- **Task statement**
Set down each line of the data below exactly as it stands, dropping the pictures.

- **Information supplied**
┌────────

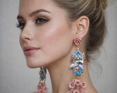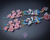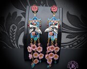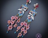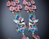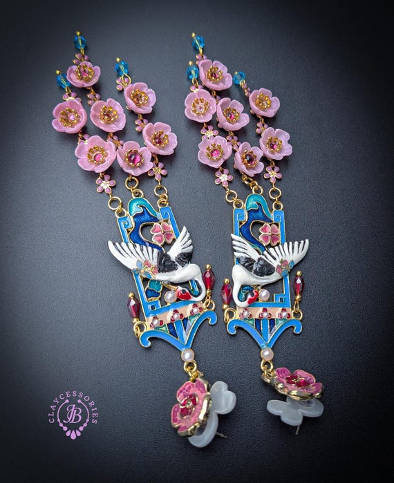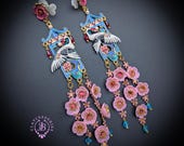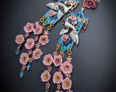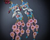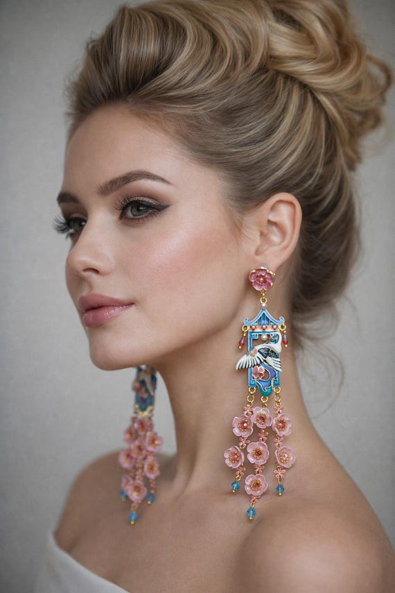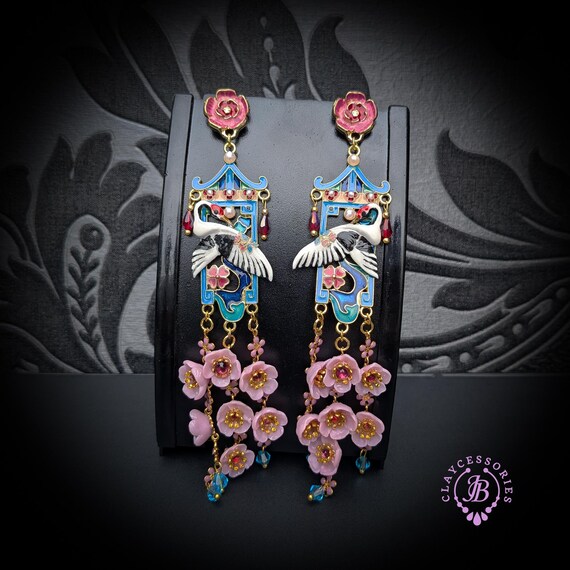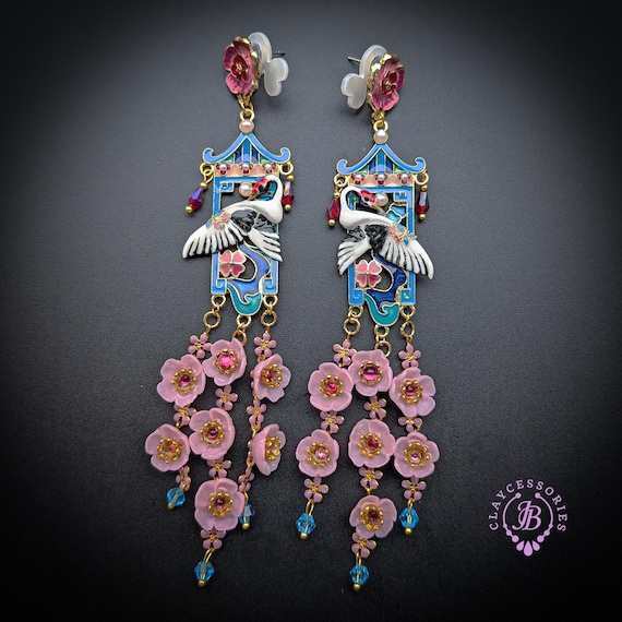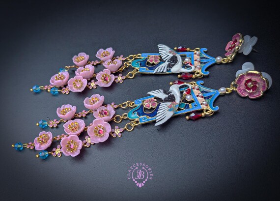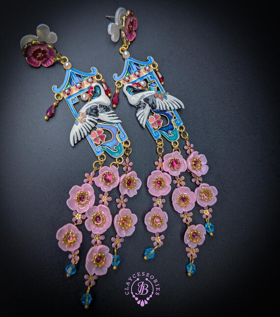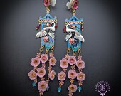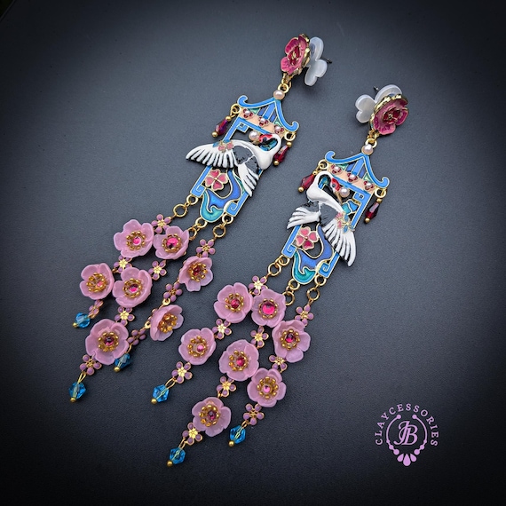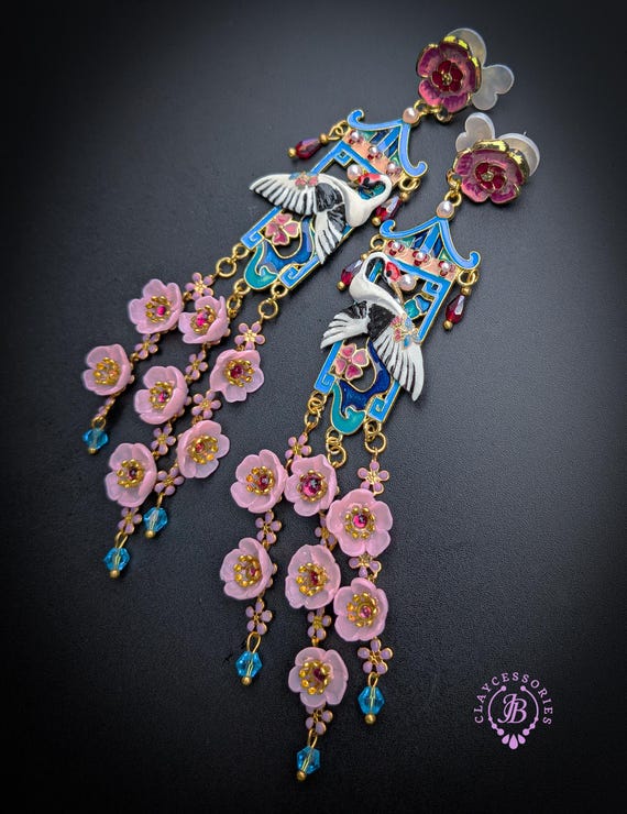 Graceful cranes meet cascading cherry blossoms in these breathtaking statement earrings inspired by traditional Asian artistry. Featuring delicately detailed white cranes set against vibrant blue enamel panels, these earrings are adorned with pink floral accents, ruby-toned crystals, and cascading translucent blossoms that sway beautifully with every movement. The intricate gold-tone framework and pagoda-inspired silhouette add a regal, heirloom-quality touch. Romantic, feminine, and undeniably eye-catching — these earrings are perfect for special occasions, weddings, cultural celebrations, or anyone who loves bold wearable art.
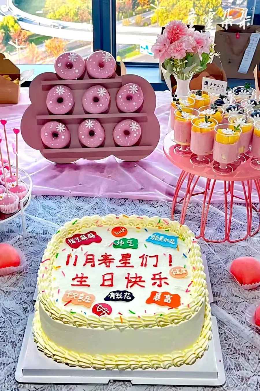 当天上午,根据向太公司的要求,童云朵朵公司集中力量,精心设计,精确调味,精准服务,为其制作了粉色甜甜圈、粉色慕斯杯、粉色雪媚娘、水果蛋糕、一口肠、披萨、三明治、肉松小贝、水果奶油纸杯、粉色丝绒卷、推推乐、棒棒糖蛋糕、草莓泡芙迷你、草莓大福以及10寸粉色大蛋糕等十余个品种的糕点,并用制式的托盘(架)摆放的井井有条、错落有致,成为向太公司员工生日会上的一道靓丽风景。伴随着生日快乐的歌声和欢呼声,“寿星”与员工们品着糕点,相互祝福,沉浸在幸福的喜悦当中。
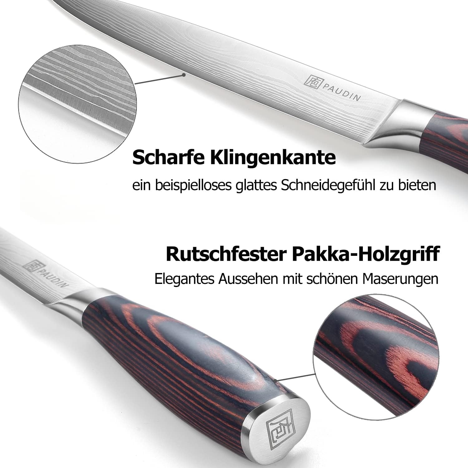 - Ergonomischer Griff: PAUDIN Messer mit ergonomischem geformtem Holzgriff sorgt für Gleichgewicht und Kontrolle. Dadurch bietet Messer beim Schneiden eine bequeme Behandlung und Sicherheit. Das küchenmesser ermöglicht die passende Balance zwischen Gewicht und Aussehen, schön zu sein und einfach zu verwenden. Dieses scharfe Messer ist sowohl für Linkshänder als auch für Rechtshänder geeignet
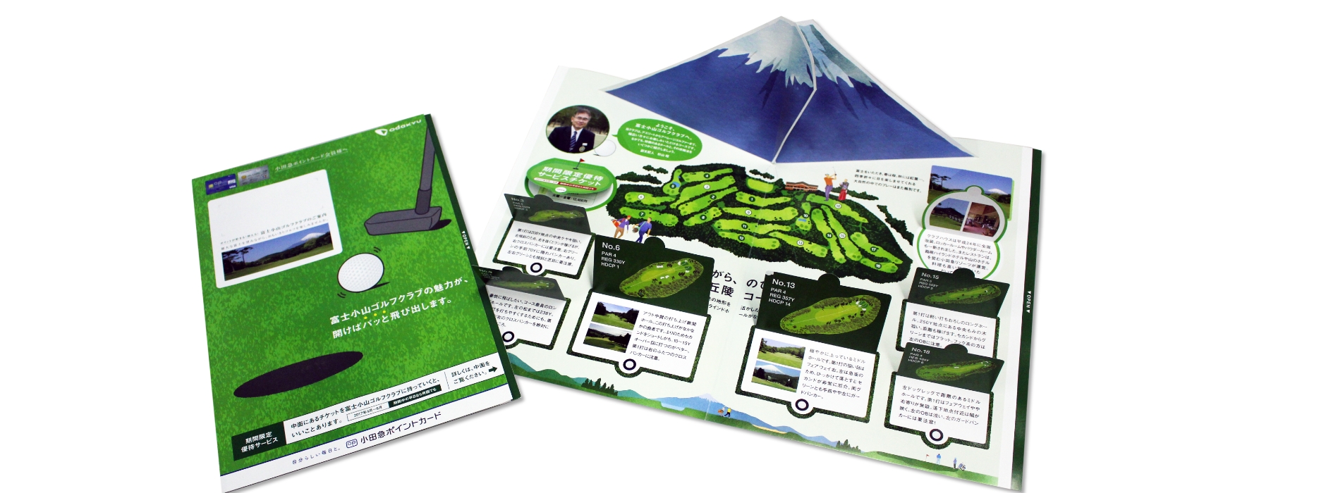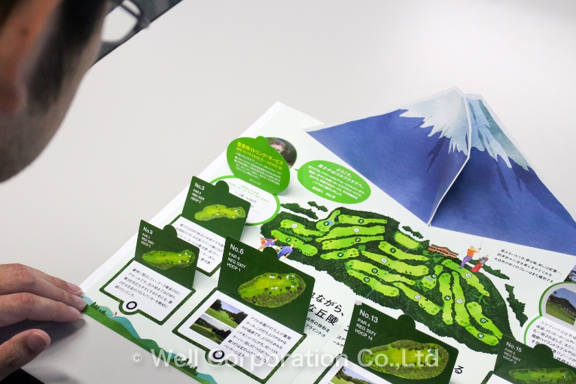 まず、DMを受け取り、開いた際に、富士山のイラストが目の前に飛び出してくる仕掛けを設けた。飛び出した富士山の下には、当ゴルフ場コースを配置することで、“富士の麓にあるゴルフ場”であることを印象強く表現した。

└────────

- **Reply to the task**
 Graceful cranes meet cascading cherry blossoms in these breathtaking statement earrings inspired by traditional Asian artistry. Featuring delicately detailed white cranes set against vibrant blue enamel panels, these earrings are adorned with pink floral accents, ruby-toned crystals, and cascading translucent blossoms that sway beautifully with every movement. The intricate gold-tone framework and pagoda-inspired silhouette add a regal, heirloom-quality touch. Romantic, feminine, and undeniably eye-catching — these earrings are perfect for special occasions, weddings, cultural celebrations, or anyone who loves bold wearable art.
 当天上午,根据向太公司的要求,童云朵朵公司集中力量,精心设计,精确调味,精准服务,为其制作了粉色甜甜圈、粉色慕斯杯、粉色雪媚娘、水果蛋糕、一口肠、披萨、三明治、肉松小贝、水果奶油纸杯、粉色丝绒卷、推推乐、棒棒糖蛋糕、草莓泡芙迷你、草莓大福以及10寸粉色大蛋糕等十余个品种的糕点,并用制式的托盘(架)摆放的井井有条、错落有致,成为向太公司员工生日会上的一道靓丽风景。伴随着生日快乐的歌声和欢呼声,“寿星”与员工们品着糕点,相互祝福,沉浸在幸福的喜悦当中。
 - Ergonomischer Griff: PAUDIN Messer mit ergonomischem geformtem Holzgriff sorgt für Gleichgewicht und Kontrolle. Dadurch bietet Messer beim Schneiden eine bequeme Behandlung und Sicherheit. Das küchenmesser ermöglicht die passende Balance zwischen Gewicht und Aussehen, schön zu sein und einfach zu verwenden. Dieses scharfe Messer ist sowohl für Linkshänder als auch für Rechtshänder geeignet
 まず、DMを受け取り、開いた際に、富士山のイラストが目の前に飛び出してくる仕掛けを設けた。飛び出した富士山の下には、当ゴルフ場コースを配置することで、“富士の麓にあるゴルフ場”であることを印象強く表現した。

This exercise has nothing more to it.